【洛谷P1309】瑞士輪

P1309瑞士輪

本題同樣是NOIP普及組第三題。
因爲太久沒有做過題目了，先從普及組開始練習吧。
題目內容

思路1

很顯然想到的思路就是模擬，代碼如下：

#include <iostream>
#include <vector>
#include <utility>
#include <algorithm>
using namespace std;

struct Player{
    int id;
    int score;
    int weight;
    bool operator< (const Player& player)
    {
        return this->weight<player.weight;
    }
};

bool cmp(Player a,Player b)
{
    if(a.score!=b.score)
    {
        return a.score>b.score;
    }
    else
    {
        return a.id<b.id;
    }
}

int main(void)
{
    int n,r,q;
    cin>>n>>r>>q;
    vector<Player> player(2*n);
    for(int i = 0;i<2*n;i++)
    {
        player[i].id=i+1;
        cin>>player[i].score;
    }
    for(int i = 0;i<2*n;i++)
    {
        cin>>player[i].weight;
    }
    sort(player.begin(),player.end(),cmp);//按初始成績排序

    for(int i=0;i<r;i++)//r輪比賽
    {
        for(int j=0;j<n;j++)
        {
            if(player[2*j].weight>player[2*j+1].weight)
            {
                player[2*j].score+=1;
            }
            else
            {
                player[2*j+1].score+=1;
            }
        }
        sort(player.begin(),player.end(),cmp);

    }
    cout<<player[q-1].id<<endl;
    return 0;
}

只有60分，有4個點超時了。
分析一下算法，因爲要對R輪比賽的N次比較都進行計算，再進行一次快排，所以時間複雜度大約爲O(r(n+nlogn))這個量級。其中N最大可以取到$10^5$，R=50，單純計算不會超過$5\times 10^8$，接近$10^9$，在常數稍微大一點的時候確實有超時的可能。

思路2

顯然可以發現，快排是毫無必要的，因爲分數的變動最多隻會導致鄰近順位的變化。
題解中有個思路很好，兩者相比，勝者入隊A，負者入隊B，再將AB兩隊歸併。

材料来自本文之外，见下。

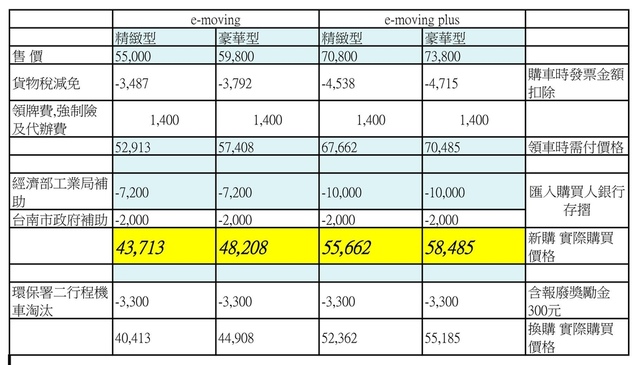 電動機車e-moving plus,價格比印象中貴一點,原價70800,扣除中央政府在貨物稅和經濟部的補助,還要57662元,這是在台灣各地都不會有太大變化的價格,但是縣市政府的補助就會差很多。像本人居住的台南市,雖然有民調第一名的市長,但是補助才2000,而最遜的新北市,卻有12000的補助,而老婆娘家所在的屏東,看起來很窮,但補助也有7000,所以如何找到"合適"的購買人,也會大大的影響到最終的購車成本。像我們家的電動機車是住在屏東的丈母娘買來送給老婆然後借我使用,所以她的實際購車價在五萬出頭,大約一萬七的補助款會在二三個月後退到購買人的帳戶。

顯然，歸併的時間複雜度爲O(n)，略微優於快排的O(nlogn)

#include <iostream>
#include <vector>
#include <utility>
#include <algorithm>
using namespace std;

struct Player{
    int id;
    int score;
    int weight;
    bool operator< (const Player& player) const
    {
        if(this->score!=player.score)
        {
            return this->score<player.score;
        }
        else
        {
            return this->id>player.id;
        }
    }
    bool operator> (const Player& player) const
    {
        if(this->score!=player.score)
        {
            return this->score>player.score;
        }
        else
        {
            return this->id<player.id;
        }
    }
    Player& operator=(const Player& player)
    {
        this->id = player.id;
        this->score = player.score;
        this->weight = player.weight;
        return *this;
    }
};

bool cmp(Player a,Player b)
{
    if(a.score!=b.score)
    {
        return a.score>b.score;
    }
    else
    {
        return a.id<b.id;
    }
}

int main(void)
{
    int n,r,q;
    cin>>n>>r>>q;
    vector<Player> player(2*n);
    for(int i = 0;i<2*n;i++)
    {
        player[i].id=i+1;
        cin>>player[i].score;
    }
    for(int i = 0;i<2*n;i++)
    {
        cin>>player[i].weight;
    }
    sort(player.begin(),player.end(),cmp);//按初始成績排序

    for(int i=0;i<r;i++)//r輪比賽
    {
        vector<Player> win,lose;
        for(int j=0;j<n;j++)
        {
            if(player[2*j].weight>player[2*j+1].weight)
            {
                player[2*j].score+=1;
                win.push_back(player[2*j]);
                lose.push_back(player[2*j+1]);
            }
            else
            {
                player[2*j+1].score+=1;
                win.push_back(player[2*j+1]);
                lose.push_back(player[2*j]);
            }
        }
        //歸併
        int k=0,k1=0,k2=0;
        while(k1<n&&k2<n)
        {
            if(win[k1]>lose[k2])
            {
                player[k]=win[k1];
                k++,k1++;
            }
            else
            {
                player[k]=lose[k2];
                k++,k2++;
            }
        }
        while(k1<n)
        {
            player[k]=win[k1];
            k++,k1++;
        }
        while(k2<n)
        {
            player[k]=lose[k2];
            k++,k2++;
        }
    }
    cout<<player[q-1].id<<endl;
    return 0;
}